▸ **Exercise objective**
Output the span of lines from the one that contains "Add a splash" through the end of the records, inclusive, exactly as written and free of pictures.

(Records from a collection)
*-*-*
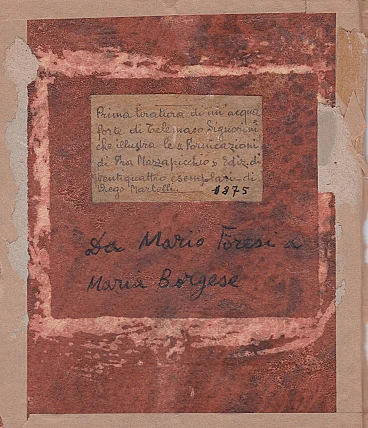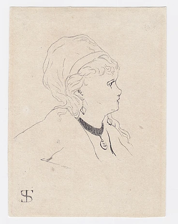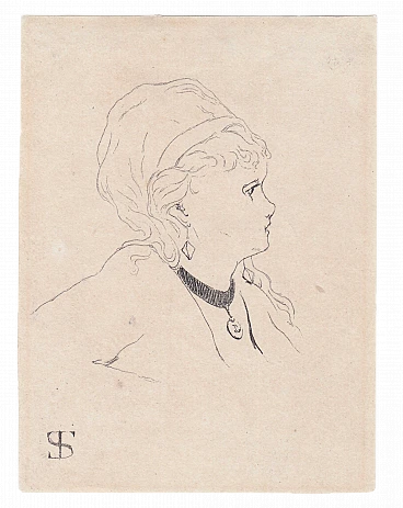 Acquaforte di Telemaco Signorini (Firenze, 1835 – Firenze, 1901) raffigurante una donna di profilo, 1875. Pittore, incisore, poeta e scrittore, fin da giovanissimo affiancò il padre Giovanni Signorini modesto ma stimato pittore al servizio del Granduca di Toscana Leopoldo II. All'età di 17 anni, nel 1852, si inscrisse all'Accademia di Belle Arti di Firenze. La vita accademica e il clima rigido dei maestri contrastavano però col suo animo ribelle, cospiratore mazziniano e volontario nella II Guerra di Indipendenza, nel 1856 decise di lasciare l'Accademia per dedicarsi alla pittura "en plain-air" con i colleghi Odoardo Borrani (Pisa, 1833 – Firenze, 1905) e Vincenzo Cabianca (Verona, 1827 – Roma, 1902). Frequenta il Caffè Michelangiolo e viaggia a Venezia, in Emilia Romagna, in Lombardia fino in Scozia. Con Cabianca a La Spezia e i paesaggi liguri segnano una svolta nella sua pittura che si arricchisce di contrasti chiaroscurali e di un uso consapevole della macchia come elemento principale del linguaggio figurativo. Nel 1861 a Parigi stringe amicizia con gli artisti della Scuola di Barbizon. Tornato in Italia, nel 1862 si lega a Diego Martelli (Firenze, 1839 – Firenze, 1896), importante critico d'arte con il quale fonda il Gazzettino delle arti del disegno (1867) e il Giornale artistico (1873) e per il quale illustra Primi Passi e Fornicazioni di Fra Mazzapicchio. È considerato uno dei principali esponenti del gruppo dei Macchiaioli. A partite del 1871 si avvicina alla tecnica dell'incisione illustrando libri di scienze, poi quelli dell'amico Martelli, incide acqueforti isolate (Primavera e Novembre, pubblicate su L'Arte in Italia) e l'importante serie di 11 soggetti dedicati al Mercato Vecchio di Firenze. Questa acquaforte è una delle tre illustrazioni che Signorini realizza per l’opera in cento esemplari di Diego Martelli, Fornicazioni di Fra Mazzapicchio, Pisa, Tipografia Nistri, 1875. Le altre due tavole raffigurano: Nudo di donna sdraiata e una Bambina. Il volume è da considerarsi raro. Luisa Arrigoni nell'articolo apparso su I quaderni del conoscitore di stampe afferma: "Assai più felici, e si potrebbe quasi parlar di capolavori, sono le illustrazioni per le "Fornicazioni", perfettamente intonate alla prosa spregiudicata del Martelli… il "ritratto muliebre" opera unica nella grafica italiana dell'Ottocento. Con mezzi limitatissimi: pochi graffi leggeri e conclusivi sulla lastra di rame, Signorini riesce ad evocare figure luminose e corpose insieme". Al verso del supporto del presente esemplare, un'etichetta manoscritta dice trattarsi di una prima tiratura di 24 esemplari. Con poche linee, graffi delicati Signorini realizza il profilo di una donna. Si sofferma nella descrizione di una collana ottenuta da fitte linee parallele dalla quale un ciondolo scende su una profonda scollatura. Il profilo acquista una suo plasticità nel foglio. In basso a sinistra monogramma dell'artista. Impressione eccellente, fresca e ben contrastata su carta avorio compatta. Ottimo stato di conservazione, minimi margini oltre la battuta. Bibliografia: Quaderni del conoscitore di stampe, n. 2, ottobre-novembre 1970, p. 51.
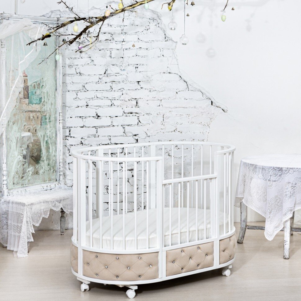 Детская овальная кроватка Островок уюта Eva VIP с маятником - капучино, белый интересное:
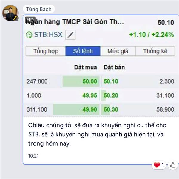 Khuyến nghị STB quanh vùng 49-51 ngày hôm qua. Chúng ta có thể nhìn câu chuyện LPB dưới sự điều hành của ông Thụy từ đầu 2021 đến giờ cũng phải tăng 7 lần. Tất nhiên không thể kỳ vọng quá cao nhưng nế...Thêm
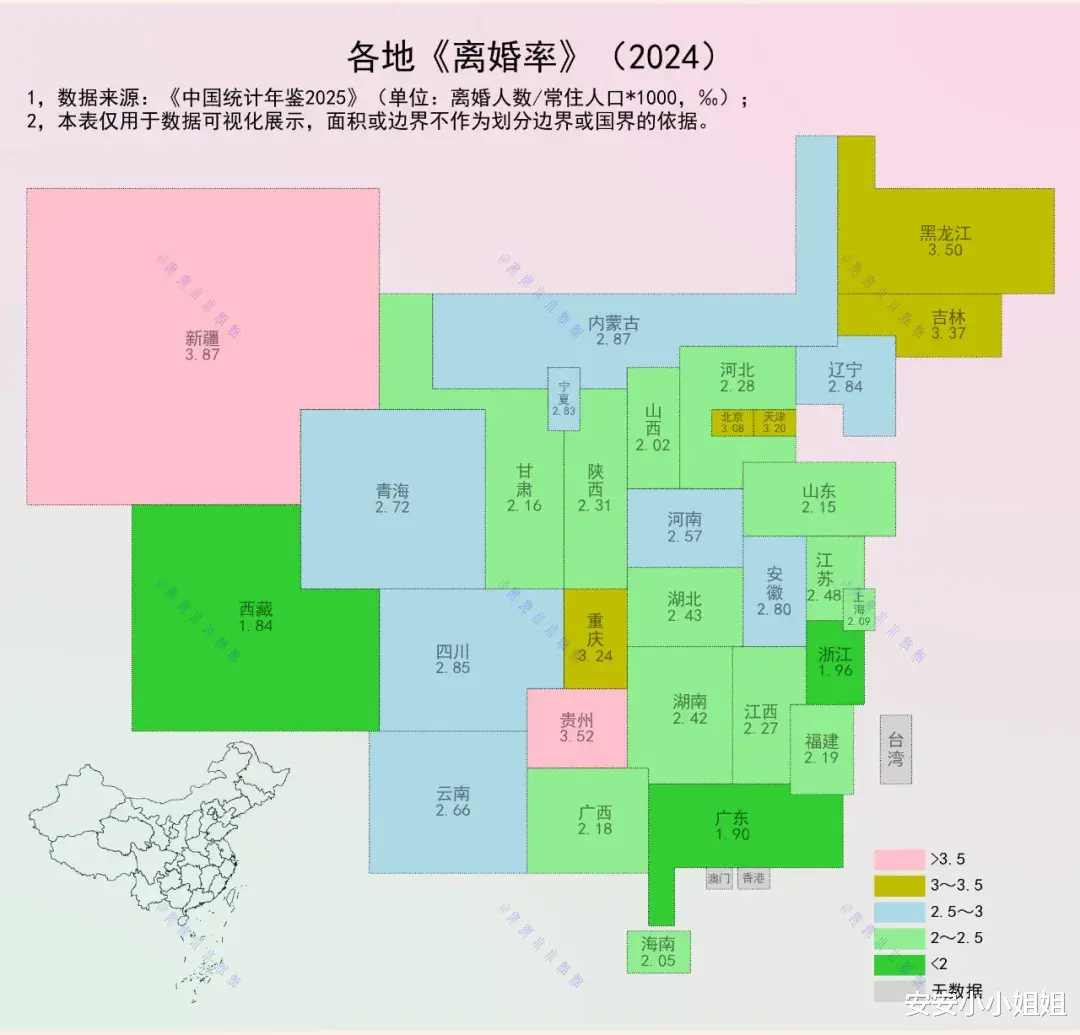 这张色彩分明的矩形地图,以其直观的面积和色块,向我们揭示了婚姻解体现象在中国不同地域的分布密度。
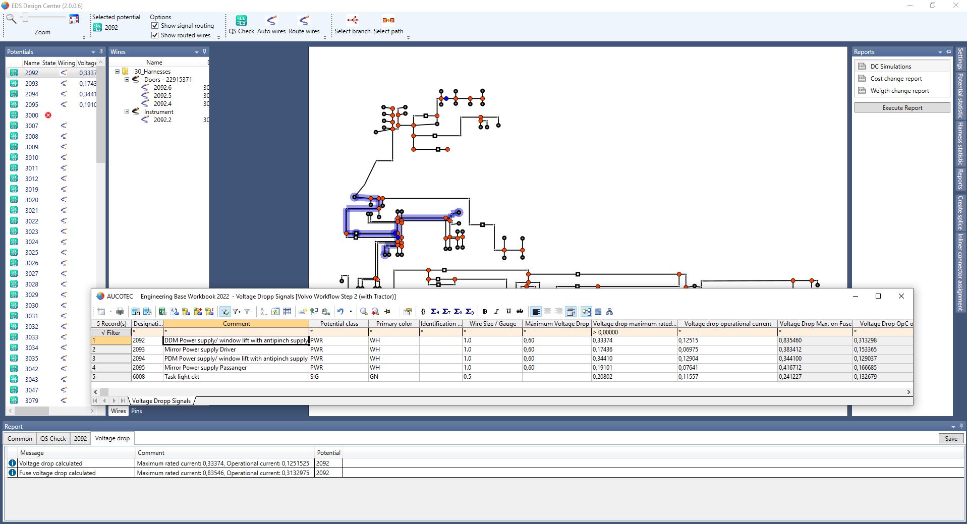 Routed potentials and wires are marked in the EDS Design Center for simulation scenarios / Image: AUCOTEC AG
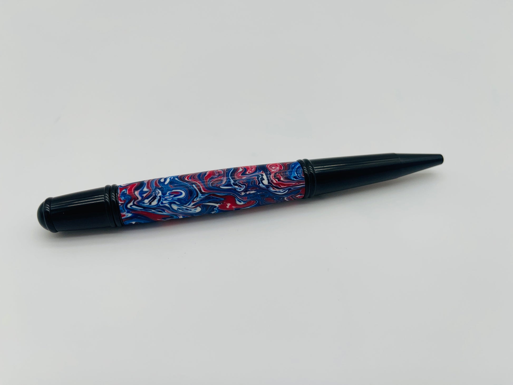 Add a splash of color to your writing with this vibrant, handcrafted pen featuring a mesmerizing swirl of red, blue, and white resin. Each pattern is uniquely crafted, ensuring no two pens are exactly alike. The glossy finish and sleek black accents bring out the vivid marbling, making this pen a true standout. Perfectly balanced for smooth writing, it’s as functional as it is visually striking. Ideal for those who appreciate bold designs, this pen is a perfect accessory for adding personality to your daily writing or as a distinctive gift.
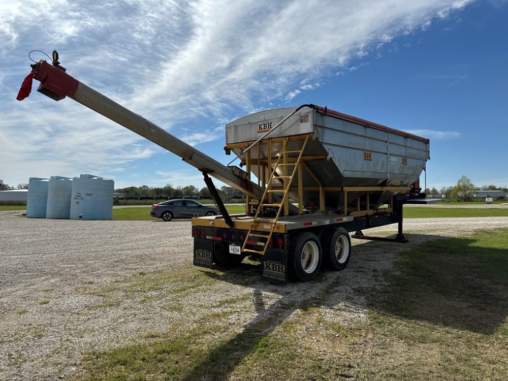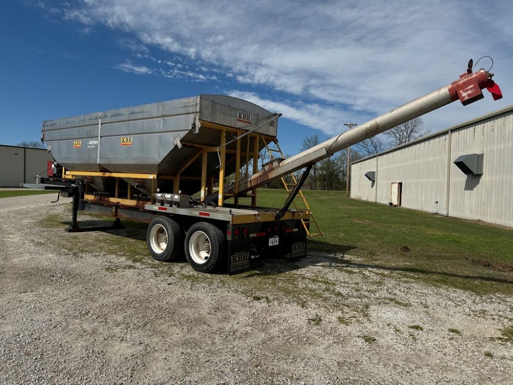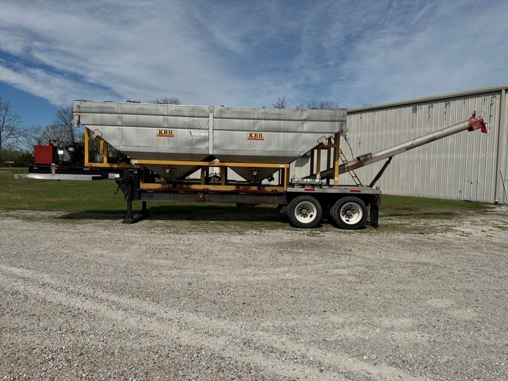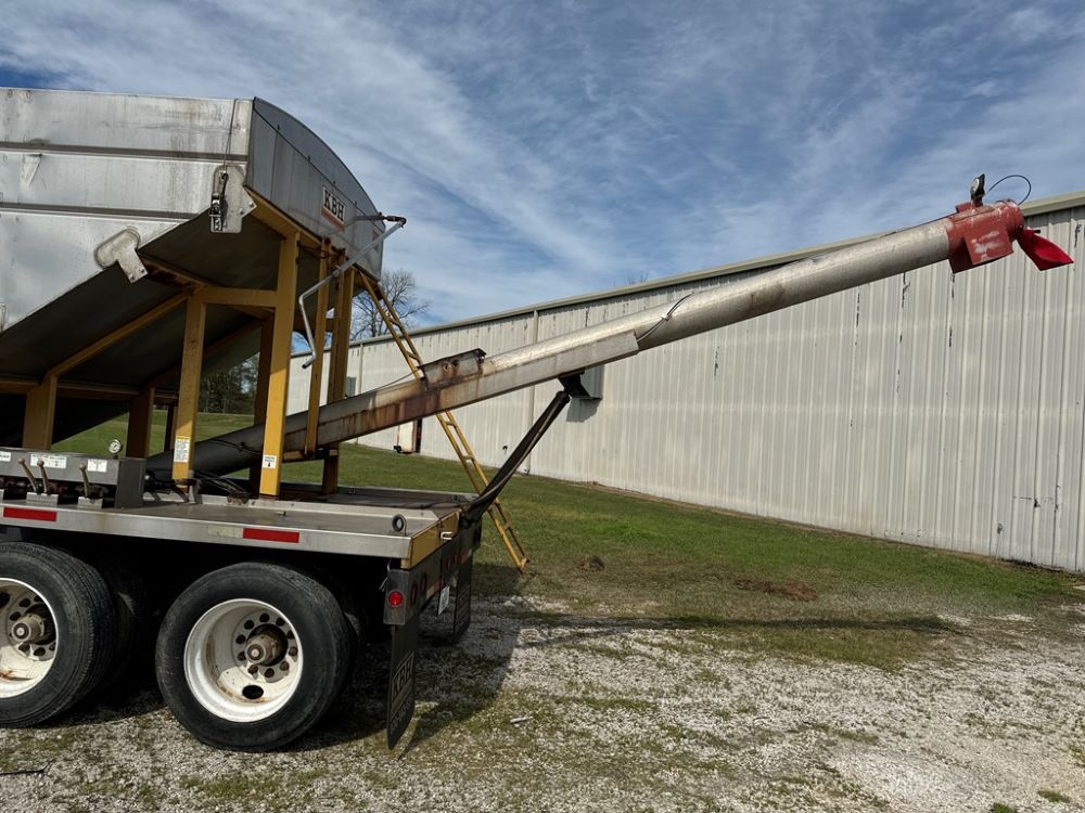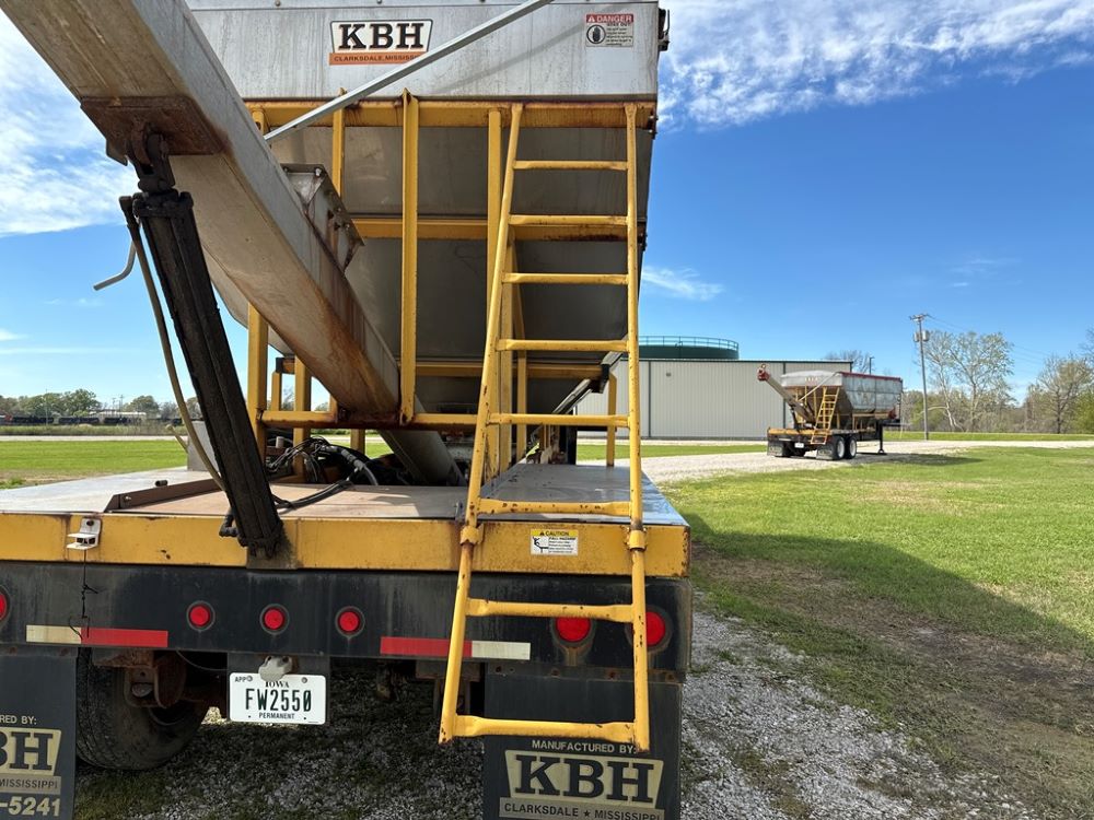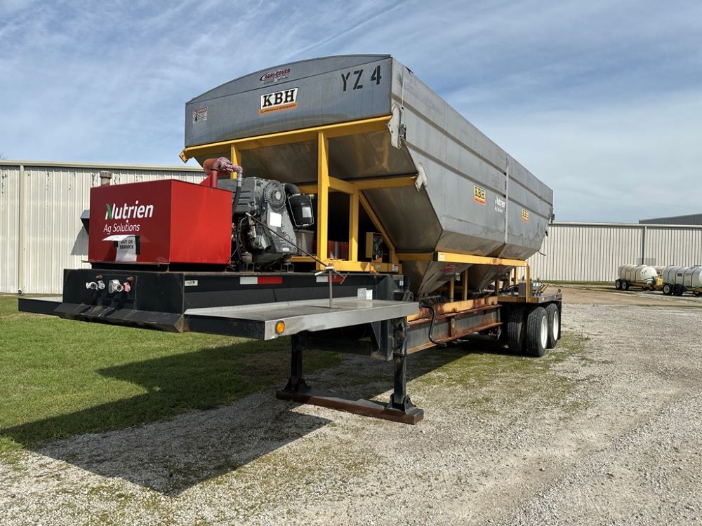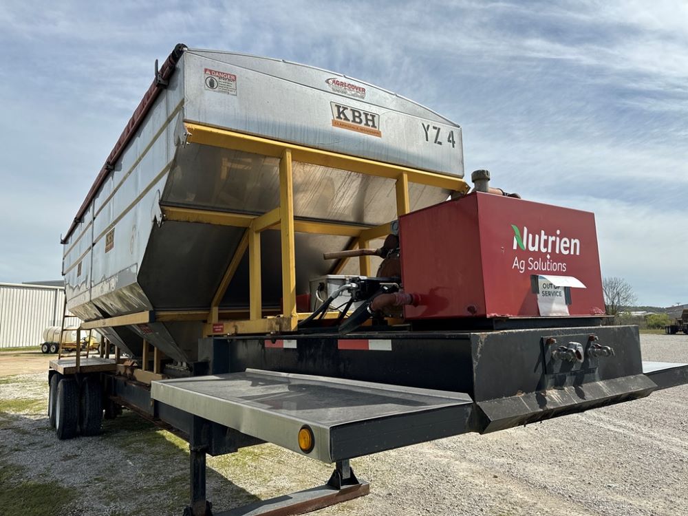 2015 KBH Dry Tender Trailer (PZ12087, Unit 31613), 2015 KBH 24 ton stainless steel dry tender trailer, self contained diesel engine, rear discharge auger, roll over tarp, tandem axle, spring suspension, 255/70R22.5 tires.
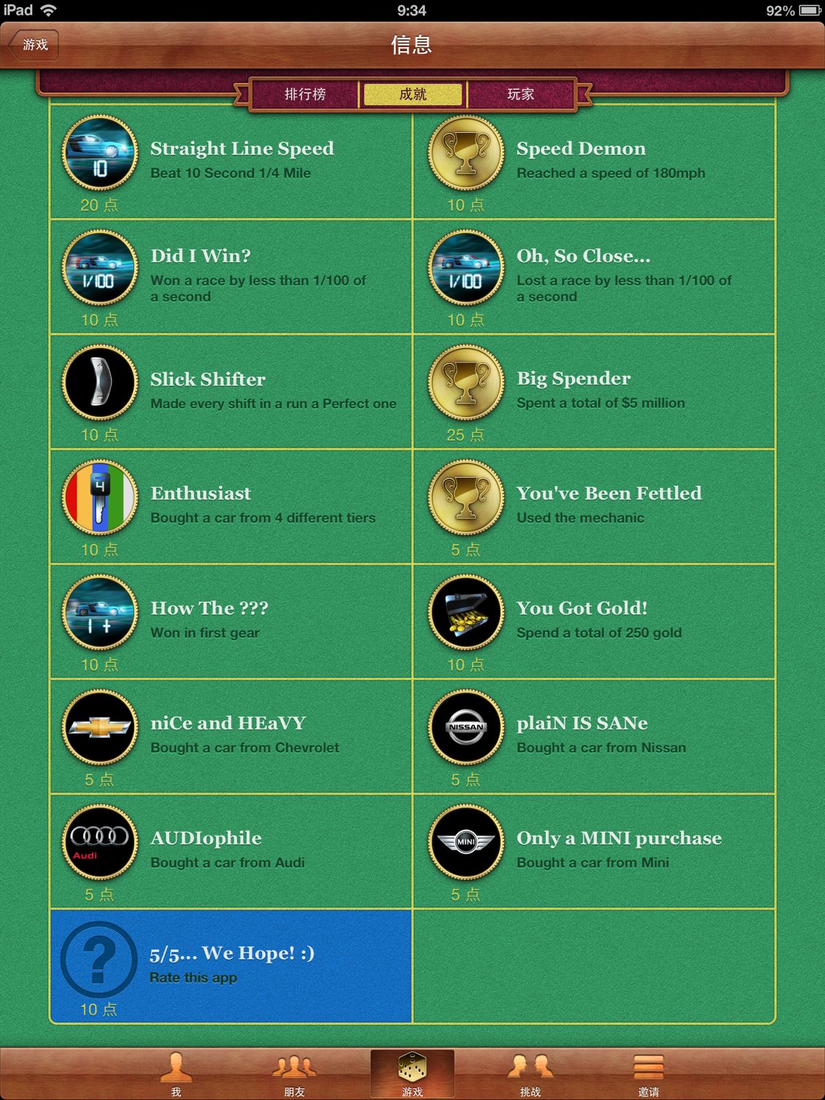 回复 斑吉拉 :我也是这样的情况。估计是要注册facebook之类的吧,估计要翻墙。我早就完成了所有成就,但这一个就是没有。只好等高人来解答了。
*-*-*
▸ **Task result**
 Add a splash of color to your writing with this vibrant, handcrafted pen featuring a mesmerizing swirl of red, blue, and white resin. Each pattern is uniquely crafted, ensuring no two pens are exactly alike. The glossy finish and sleek black accents bring out the vivid marbling, making this pen a true standout. Perfectly balanced for smooth writing, it’s as functional as it is visually striking. Ideal for those who appreciate bold designs, this pen is a perfect accessory for adding personality to your daily writing or as a distinctive gift.
 2015 KBH Dry Tender Trailer (PZ12087, Unit 31613), 2015 KBH 24 ton stainless steel dry tender trailer, self contained diesel engine, rear discharge auger, roll over tarp, tandem axle, spring suspension, 255/70R22.5 tires.
 回复 斑吉拉 :我也是这样的情况。估计是要注册facebook之类的吧,估计要翻墙。我早就完成了所有成就,但这一个就是没有。只好等高人来解答了。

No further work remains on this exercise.